# Instructions to follow
Although pictures appear in the entries below, leave them out and print exactly the lines from the first line through the line containing "In the Les Cayes".

————————

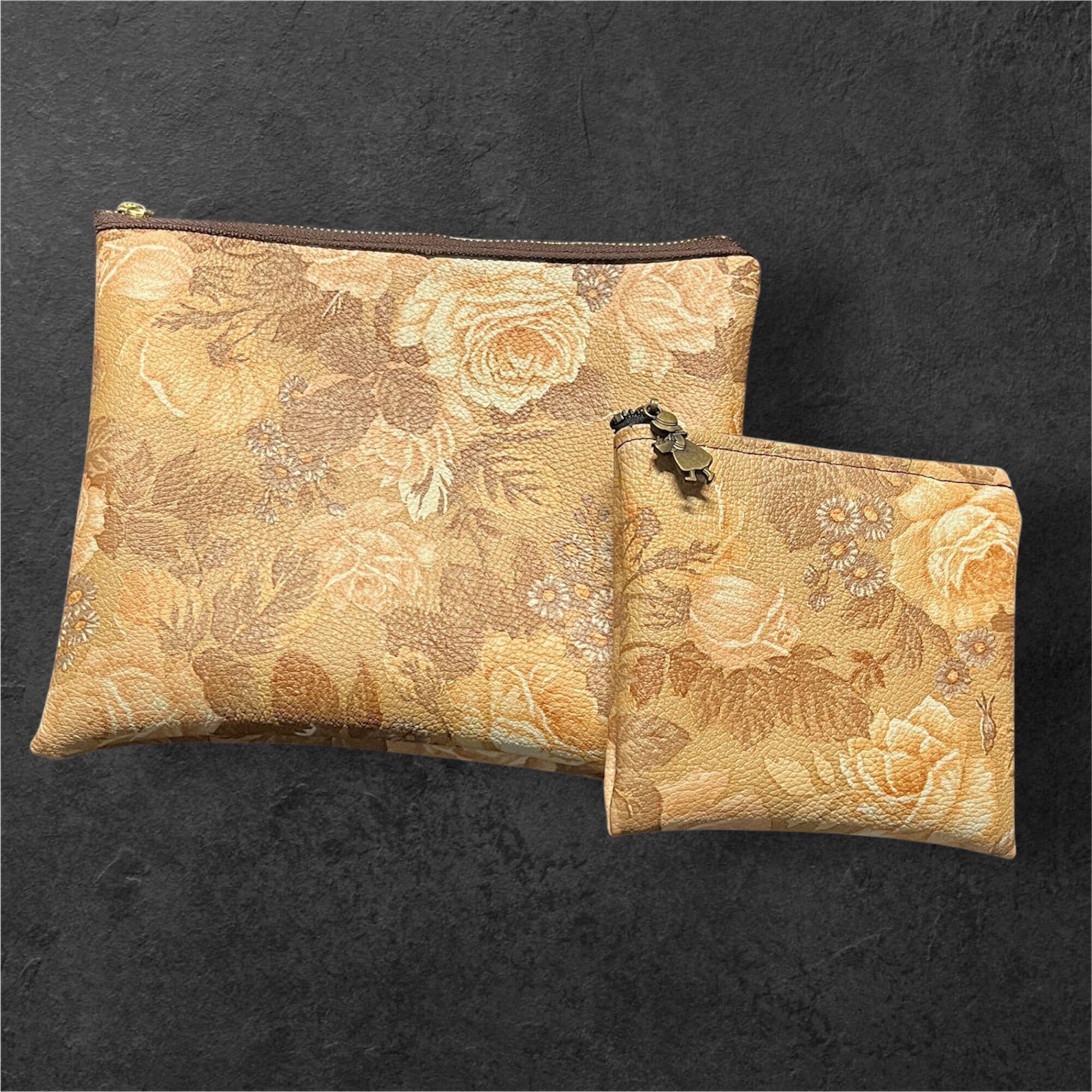 花柄 合皮ポーチ2点セット 上品フラワー 大人ナチュラル
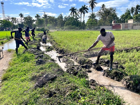 In the Les Cayes plain, rice production depends on a stable and efficient irrigation system. However, sediment accumulation and invasive vegetation have clogged the canals, reducing water flow and leaving the rice fields dry. To restore efficient irrigation and ensure that the rice fields receive sufficient water throughout their growing cycle, the Taiwan Technical Mission (TTM) in Haiti partnered with local farmers' organizations.
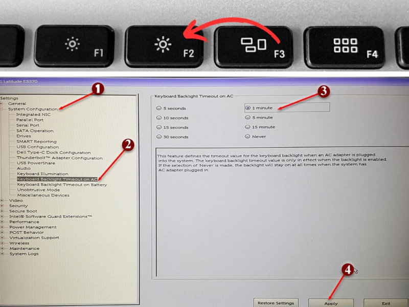 Một số dòng máy sẽ có 3 mức độ: tắt, sáng vừa, và sáng tối đa, hoặc tùy chỉnh trong BIOS tại mục Keyboard Backlight như hướng dẫn ở trên. Nếu các tùy chọn trên không hoạt động, kiểm tra xem máy bạn có hỗ trợ đèn bàn phím hay không và đảm bảo rằng driver liên quan đã được cài đặt đầy đủ.
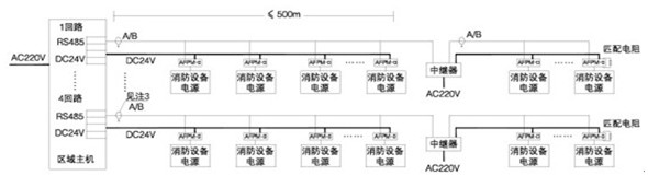傳輸距離大于500m時(shí),需加中繼器,1合中繼器占用1個(gè)傳感器(監(jiān)控模塊)地址,中繼器的AC220V電源線采用3*1.5mm^2,由現(xiàn)場(chǎng)消防電源或消防監(jiān)控室監(jiān)控器(主機(jī))提供。
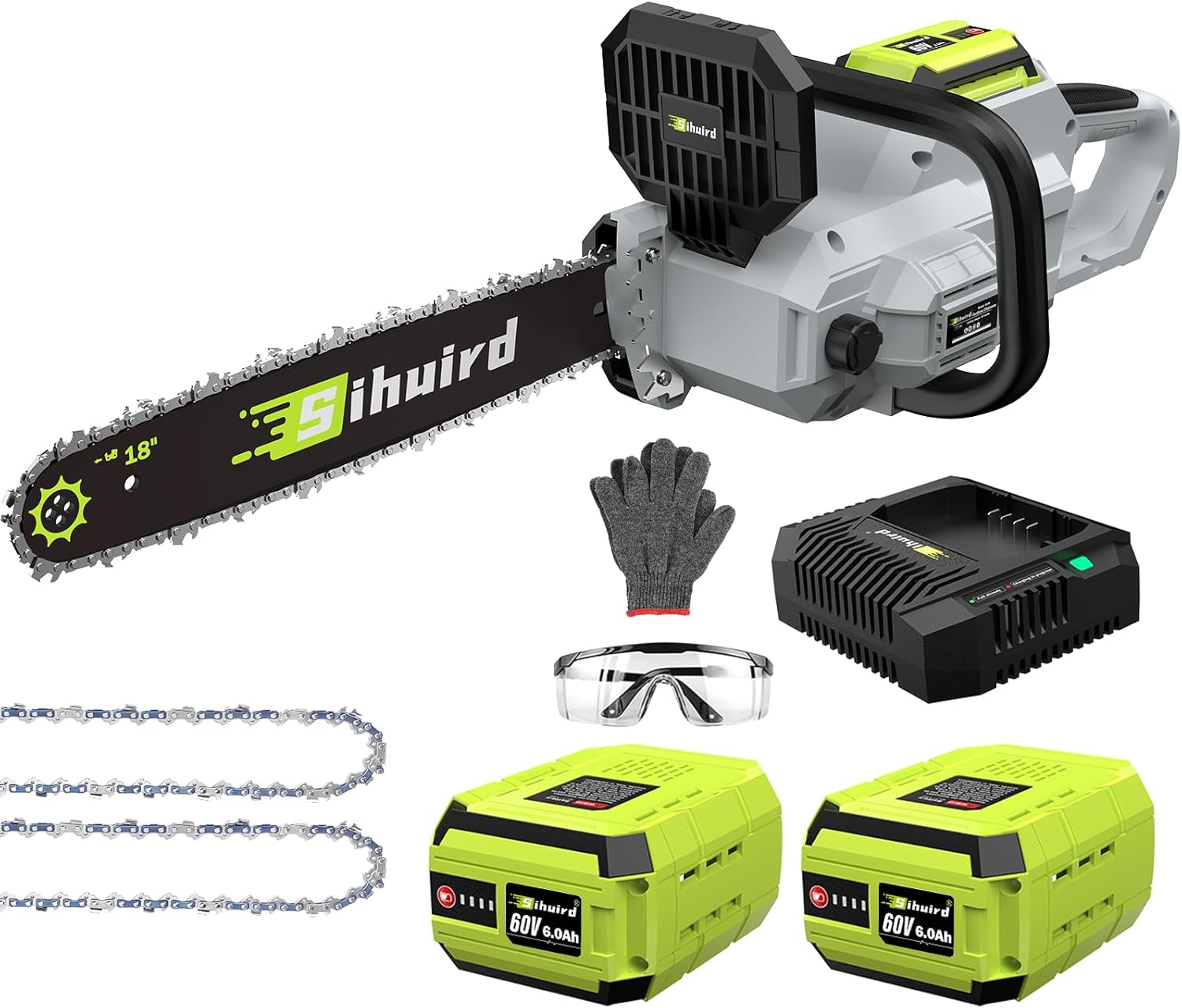 - 【60V 18 inch Cordless Chainsaw 】:Sihuird 18-Inch Cordless Chain Saw, More suitable for professionals.

————————

# Exercise solution
 花柄 合皮ポーチ2点セット 上品フラワー 大人ナチュラル
 In the Les Cayes plain, rice production depends on a stable and efficient irrigation system. However, sediment accumulation and invasive vegetation have clogged the canals, reducing water flow and leaving the rice fields dry. To restore efficient irrigation and ensure that the rice fields receive sufficient water throughout their growing cycle, the Taiwan Technical Mission (TTM) in Haiti partnered with local farmers' organizations.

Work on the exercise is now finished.